ON LEARNING ENGLISH.  Grade 5.  Two words challenged me during a spelling exercise- bourgeois and rendezvous.  Why are there “silent” letters – like “g” in sign or “k” in knife?  Why add them if they are not going to be pronounced anyway?  Why do they have to make things difficult (or in my opinion then, maarte)?  I never bothered to ask my teachers because I felt that my questions were beyond the scope of our lessons.  If they are to answer me with a tweet now, I’m imagining that it will come with a hashtag #imbiyerna.  Nonetheless, the combined challenge and fascination made me appreciate all English subjects – Grammar, Language, Reading and Literature.  I liked the lessons on subject-verb agreement, on finding the direct object in a sentence, on proper ordering of adjectives, on remembering the present, past and past participle tenses of common verbs.  I developed a love for reading, though I hated making book reports.  As soon as we got our stack of books for the new school year, I activated my geek mode and read the stories in my books during the last few weeks of summer.   I put in that amount of effort not just for the grade or not just to be spared of the catchy, red English campaign tag on campus; but because my young mind thought that mastering the English subjects will answer the questions I had earlier.  Of course, it was later on that I learned that those two words which enticed me to master English, were French in origin and were borrowed directly into English.  If I had asked my teachers then, I probably would have known the answer early on. The good news was, I have learned the basics of English and there was no turning back.   Let me give a side note on the tag- yes, we were required to speak English at some point.  Whenever the student or teacher marshals heard you spoke in Filipino, you should be ready to receive the tag with the long yarn, which you can conveniently but embarrassingly wear for about an hour on campus.  Did that work?  I don’t know.  I decided to take the vow of minimal talk instead.  The less talk, the less error there is.   I don’t know if they still do that.  All I know is it needs to be changed so students don’t end up expressing themselves less often for fear of humiliation.
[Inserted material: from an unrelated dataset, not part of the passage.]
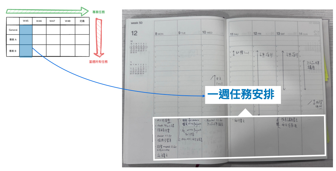 周任務是我每天都要看好幾次的內容。如果放在手機或電腦上,很容易被其他訊息打斷。紙本手帳就像一個「純淨的工作空間」,翻開就是一週的任務預覽。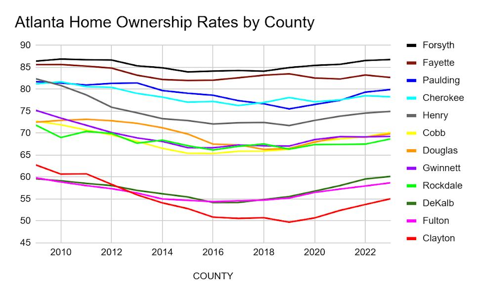 He also points out that homeownership rates in metro Atlanta have been increasing at a steady rate of about 0.3 percent annually since the after-effects of the mortgage shock ended (the outlier seen in the 2020 homeownership rate is attributed to the Census Bureau halting data collection during the COVID-19 pandemic).

ON LOVING FILIPINO.   Filipino on the other hand was much easier to learn for me because most words are pronounced as written.  I had the same passion for Filipino as I had with English.  Aside from the fact that it’s the major language I used to communicate with almost everyone around me then, I fell in love with Philippine literature.  That affair probably started with reading both youth- and adult-oriented Filipino comics during my grade school days.    There was a game then we called, teks. Simply put, teks are small cards with comic strips on one side that you throw up on air and wait if they land with the print facing up or down.  Being a small card, a whole story won’t fit in it and so you have to collect several cards (which you can win out from a game) to complete the story.  So partly, I played teks so I could collect the cards which would build the story.  When we entered high school, it was the books in Filipino that excited me during the summer.  If I don’t do well in Filipino, how will I understand the wonderful prose and poetry that Philippine literature can offer?  While it is true that there are severely complicated words, some of them can be easily understood if you extract their root words.  That technique worked well for me when I was exposed to more advanced reading material.  Two writers who wrote in Filipino whose works I really enjoyed were Amado V. Hernandez (Isang Dipang Langit and Ibong Mandaragit) and Ruth Elynia S. Mabanglo (Regla).  There were also writers who wrote in English but had Philippine themes within their works like Nick Joaquin (Summer Solstice/Tatarin) , Alejandro Roces (A Portrait of the Artist as a Filipino), Carlos Bulosan (The Laughter of my Father).  Of course, there are other talented and noteworthy writers, but those were the names which stuck on my head.  When we revisited some of these authors in our Humanities class in college, I’ve appreciated them even more.  A lot of them didn’t really graduate from high-ranking universities.  We are inclined to think these days that personalities worthy of recognition must have come from prestigious universities in the country or abroad.  Their natural intelligence, intensified by their personal experiences in the Philippines (think Spanish and American colonization, Martial Law, countryside life, etc.) was the main ingredient to their timeless and relevant works.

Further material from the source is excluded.